1. Overview

In this tutorial, we’ll explore using Liquibase, Spring Boot, and Kubernetes. We can build applications that configure their database on start-up using these technologies. That’s powerful, but it creates issues when we run it at scale.

2. What Happens When the Service Starts

When we deploy on Kubernetes, we can specify the number of replicas we want. If we handle user requests, we should have more than one application instance.

When we use the Spring Boot Liquibase starter, it’ll attempt to run the database migration when the application starts. The service will wait for the migration to complete before it is ready to handle requests. When Liquibase is running a migration, it first writes a row to the database that creates a lock. Running two migrations simultaneously would cause errors, so Liquibase protects the schema by only allowing the migration to run one at a time.

If we start two Spring Boot applications with Liquibase simultaneously, we’ll have a race condition to see which one will run the migration. One of them will acquire the lock and run the migration. The other will wait until the lock is available.
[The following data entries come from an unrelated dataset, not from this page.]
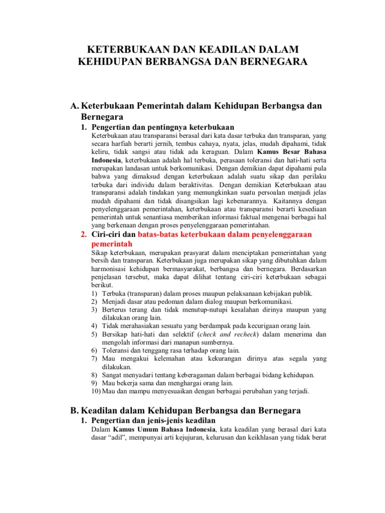 Keterbukaan Dan Keadilan Dalam Kehidupan Berbangsa Dan Bernegara Pustaka Belajar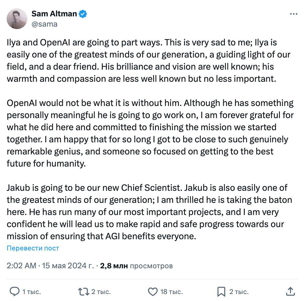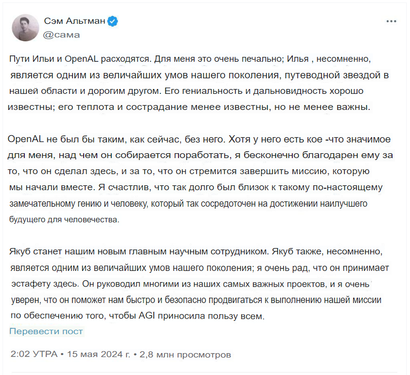 В офисе Open AI снова перестановки. Сооснователь Илья Суцкевер уходит, чтобы заняться своими проектами.
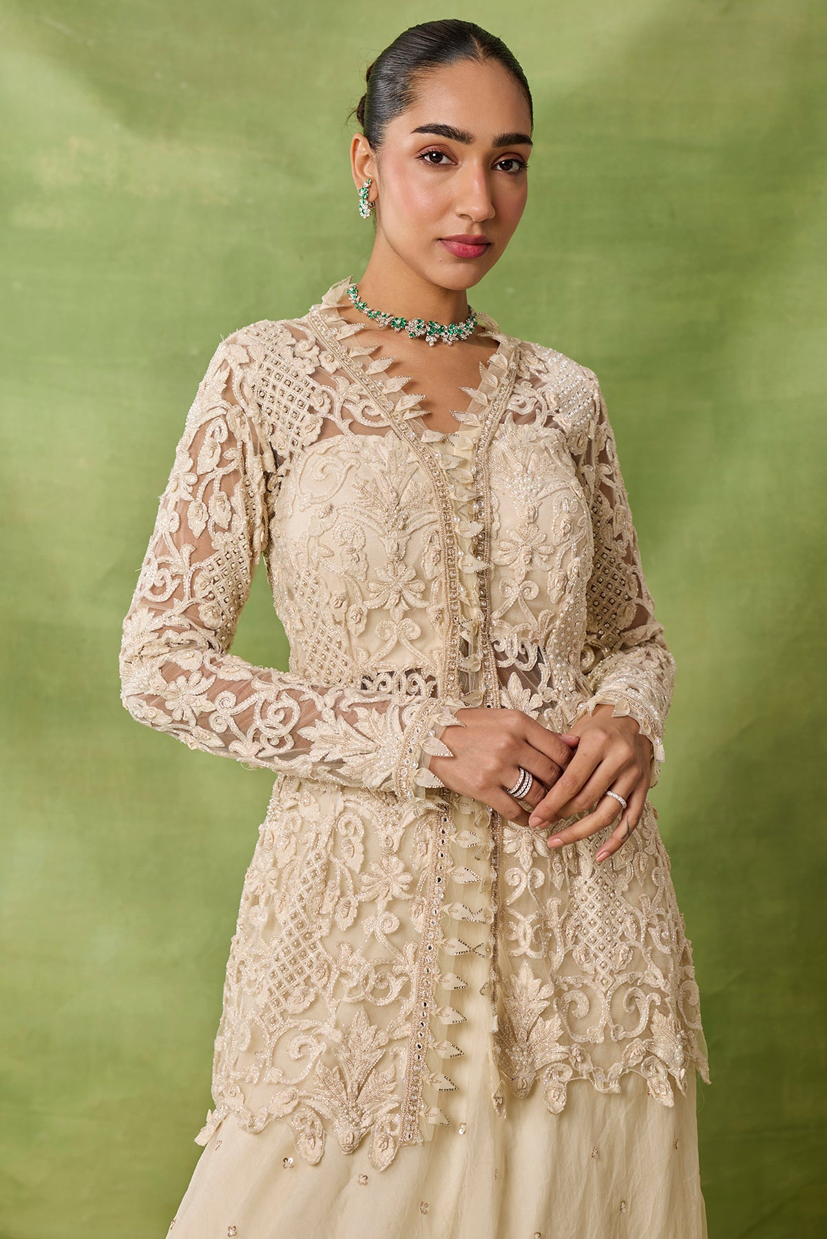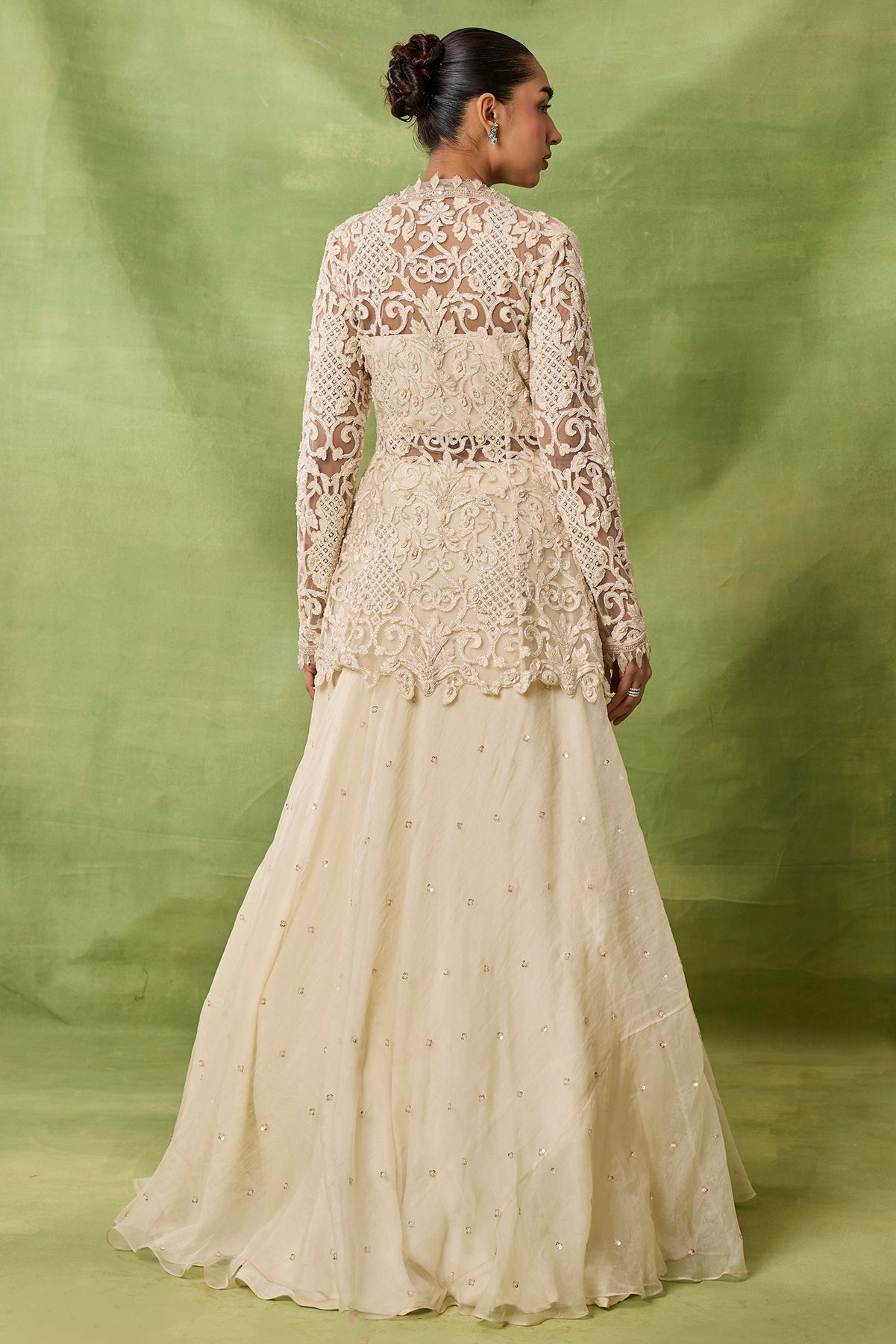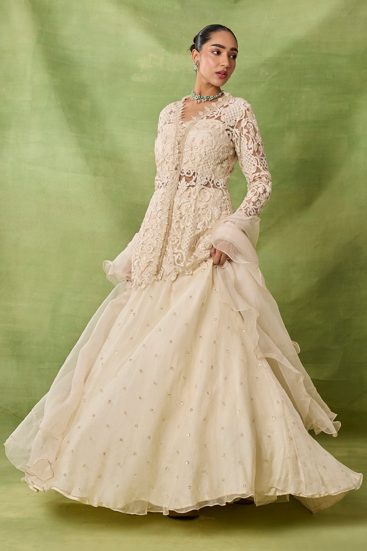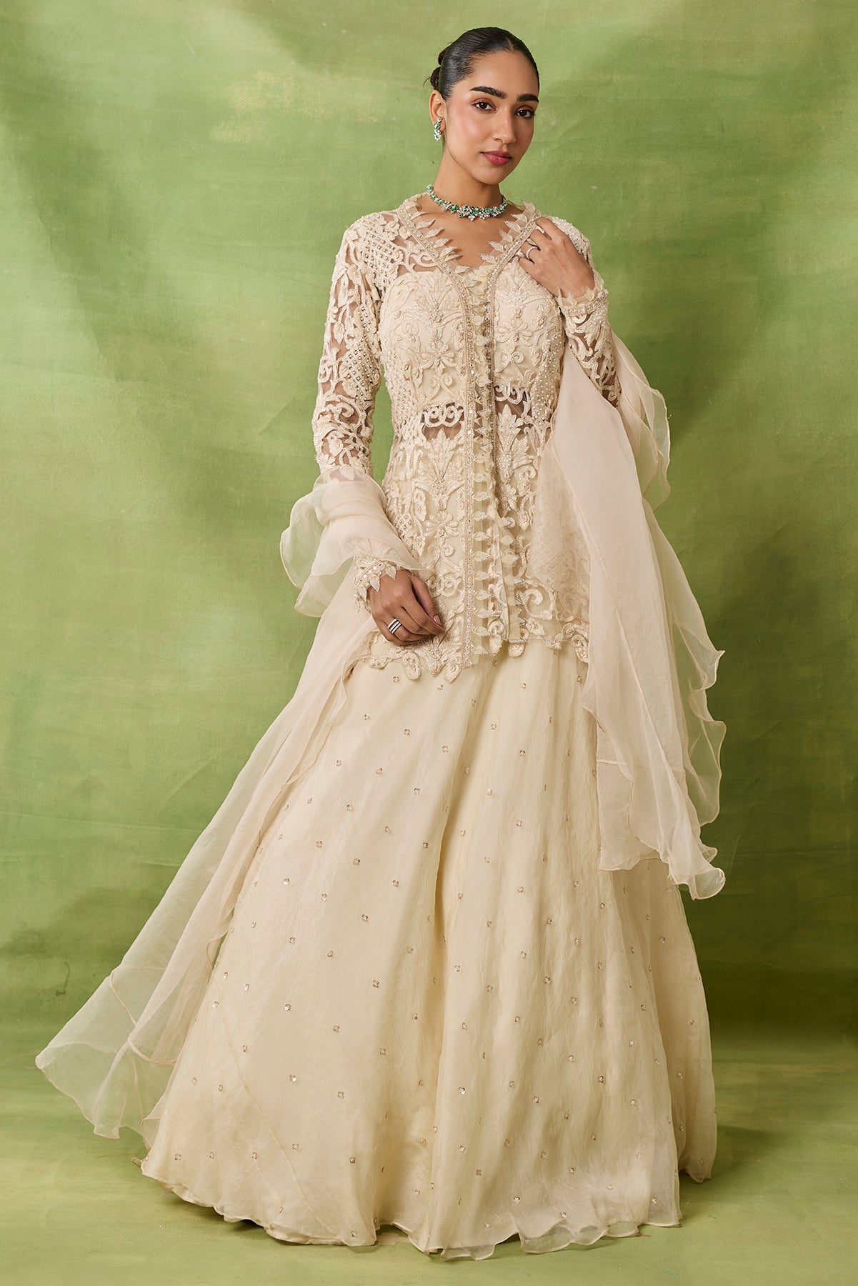Product Description: featuring peplum top with embroidered boota allover skirt and organza frills duppata.Category: AWIGNA SIGNATURE STYLESFabric: organza,netNumber of Pcs.: 3Designer Code: ASS56Color: IVORYWash Care: DRY CLEAN ONLY

Once the migration completes, the second instance will acquire the lock, and it will see that the migrations are already complete, release the lock and continue.

Usually, this is not a big problem. If there is no migration to run, the service will start quickly, so even if we are starting many replicas, they will still start quickly.

The problem is a combination of Spring Boot, Liquibase, and Kubernetes. Kubernetes is designed to manage a cluster of servers and manage services inside containers. It’ll use probes to ensure everything is working, move pods between nodes to manage the load, and replace failing services. This behavior is extremely powerful but adds risks when running a long process like a database migration.

3. Kubernetes Probes

In Kubernetes, it is recommended to use Readiness and Liveliness probes to test if the service is working correctly. The most common approach is to use the Spring Boot Actuator Health endpoint. This ensures that the services do not receive requests before their ready, and if there is a problem, the new instances will be stopped.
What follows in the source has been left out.